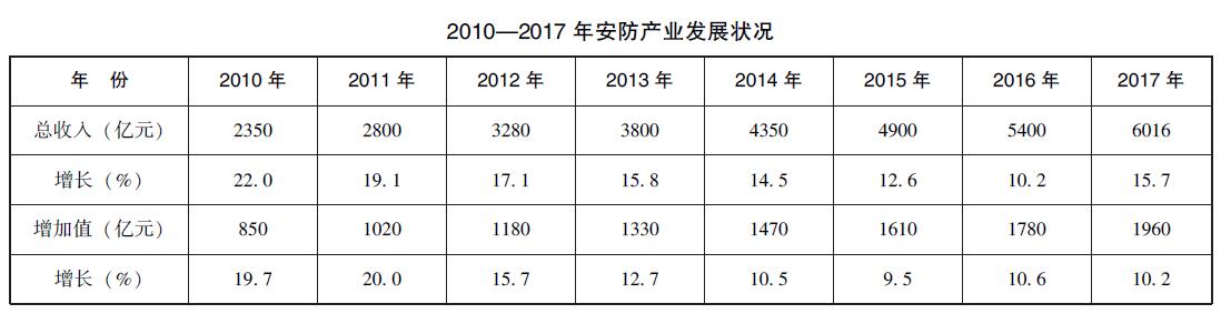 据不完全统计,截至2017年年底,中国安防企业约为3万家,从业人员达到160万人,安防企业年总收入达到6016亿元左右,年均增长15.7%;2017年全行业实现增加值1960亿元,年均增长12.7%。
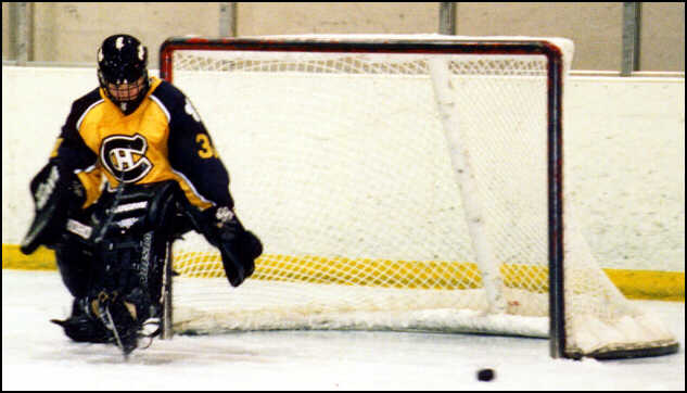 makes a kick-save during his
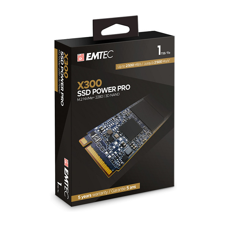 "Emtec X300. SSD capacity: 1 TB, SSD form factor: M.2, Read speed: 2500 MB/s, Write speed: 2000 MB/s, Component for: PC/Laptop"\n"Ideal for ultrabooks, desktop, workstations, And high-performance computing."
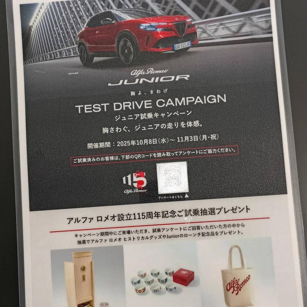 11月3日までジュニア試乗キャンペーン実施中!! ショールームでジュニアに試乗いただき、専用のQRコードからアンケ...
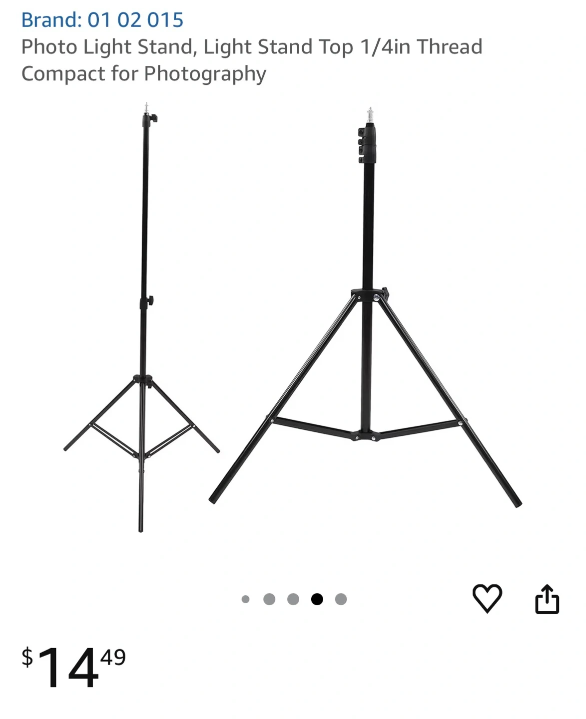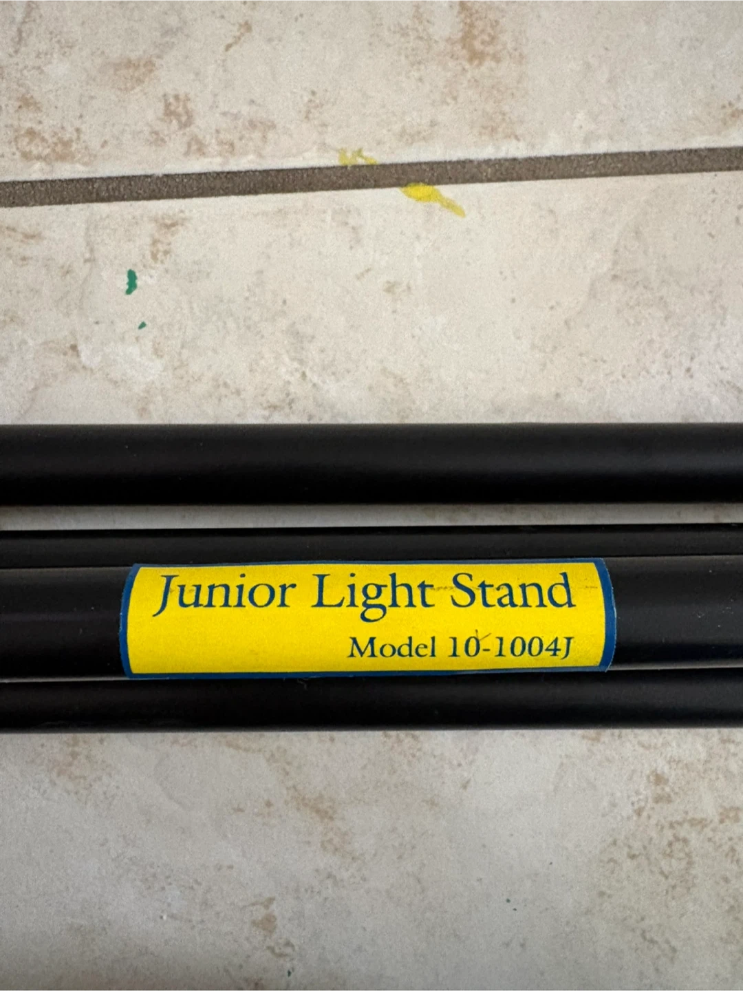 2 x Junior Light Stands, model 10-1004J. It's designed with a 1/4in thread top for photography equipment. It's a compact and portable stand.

──────────────────────────────

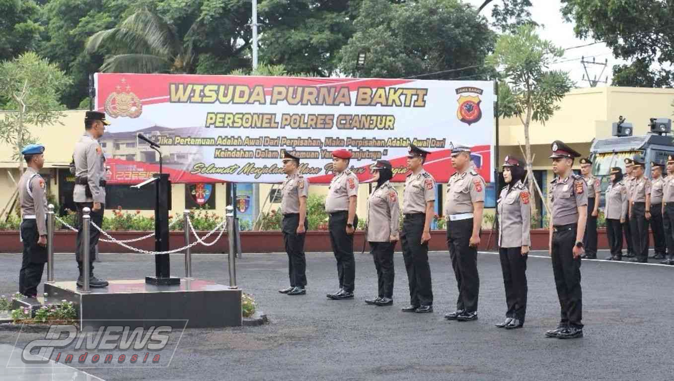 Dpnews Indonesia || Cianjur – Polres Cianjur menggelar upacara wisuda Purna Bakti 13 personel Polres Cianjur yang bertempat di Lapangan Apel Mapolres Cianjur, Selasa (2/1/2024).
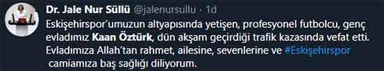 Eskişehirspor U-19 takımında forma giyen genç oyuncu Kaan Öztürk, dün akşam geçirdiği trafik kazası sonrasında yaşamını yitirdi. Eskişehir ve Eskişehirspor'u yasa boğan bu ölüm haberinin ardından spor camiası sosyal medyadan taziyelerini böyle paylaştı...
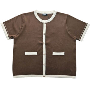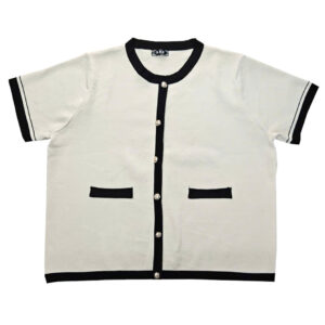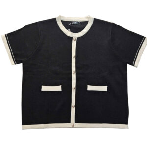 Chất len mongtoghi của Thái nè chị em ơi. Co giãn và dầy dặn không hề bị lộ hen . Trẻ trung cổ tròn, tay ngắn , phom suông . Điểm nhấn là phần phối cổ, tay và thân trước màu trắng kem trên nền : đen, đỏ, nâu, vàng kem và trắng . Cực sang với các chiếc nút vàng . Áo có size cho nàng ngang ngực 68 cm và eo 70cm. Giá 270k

──────────────────────────────

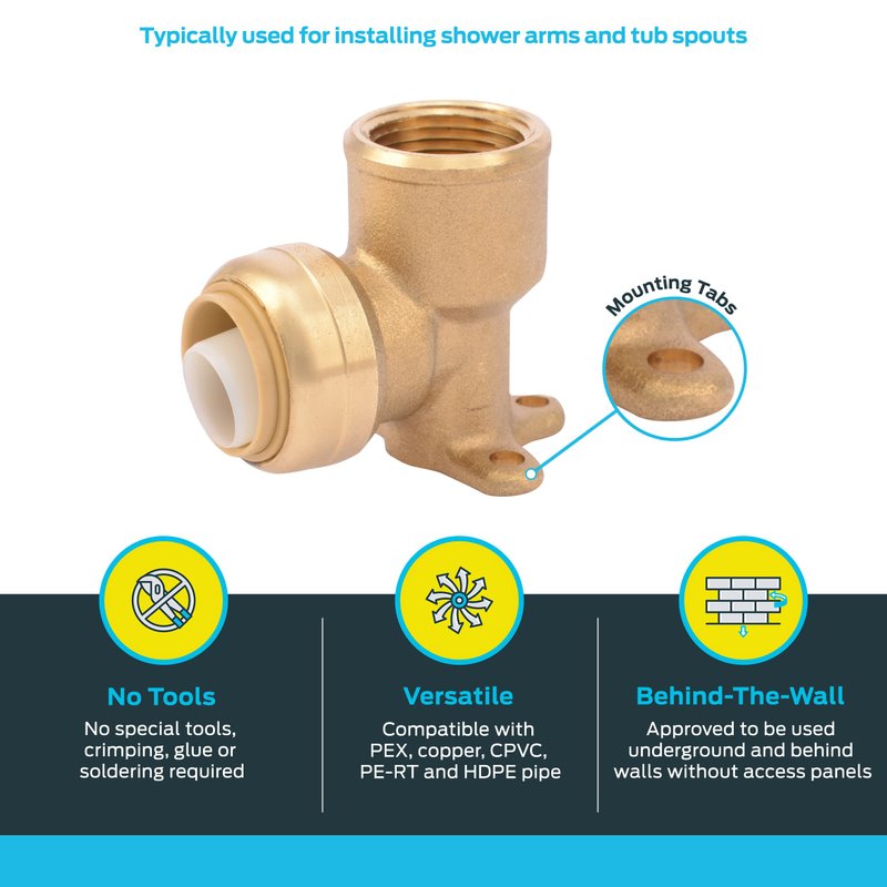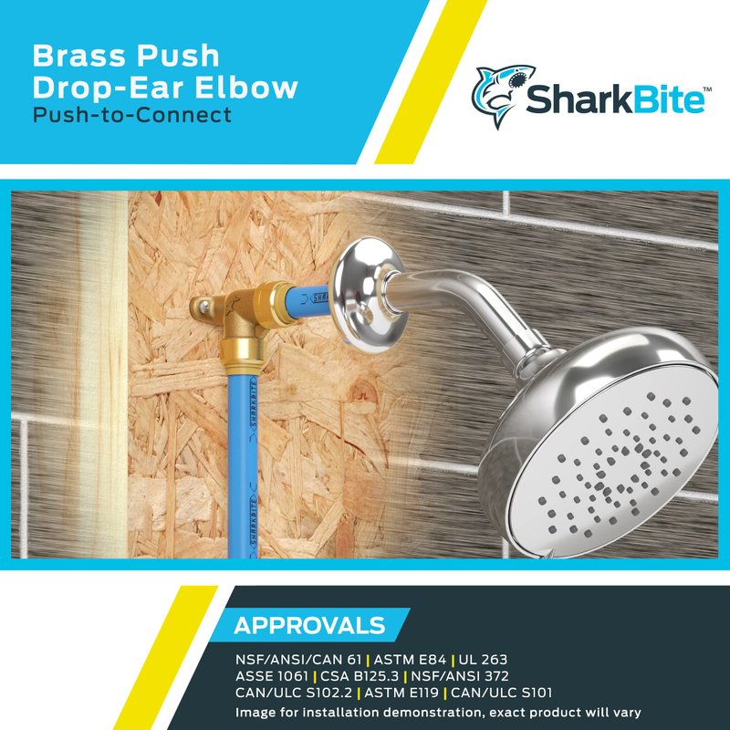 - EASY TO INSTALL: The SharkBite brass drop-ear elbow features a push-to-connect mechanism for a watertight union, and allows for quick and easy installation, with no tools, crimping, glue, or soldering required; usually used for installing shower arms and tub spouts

──────────────────────────────

### Exercise instructions
Nothing outside the stretch above, from the line with "据不完全统计,截至2017年" through the line with "2 x Junior Light", is set down. Transcribe that stretch exactly, ends included, but not its pictures.

### Reply to the task
 据不完全统计,截至2017年年底,中国安防企业约为3万家,从业人员达到160万人,安防企业年总收入达到6016亿元左右,年均增长15.7%;2017年全行业实现增加值1960亿元,年均增长12.7%。
 makes a kick-save during his
 "Emtec X300. SSD capacity: 1 TB, SSD form factor: M.2, Read speed: 2500 MB/s, Write speed: 2000 MB/s, Component for: PC/Laptop"\n"Ideal for ultrabooks, desktop, workstations, And high-performance computing."
 11月3日までジュニア試乗キャンペーン実施中!! ショールームでジュニアに試乗いただき、専用のQRコードからアンケ...
 2 x Junior Light Stands, model 10-1004J. It's designed with a 1/4in thread top for photography equipment. It's a compact and portable stand.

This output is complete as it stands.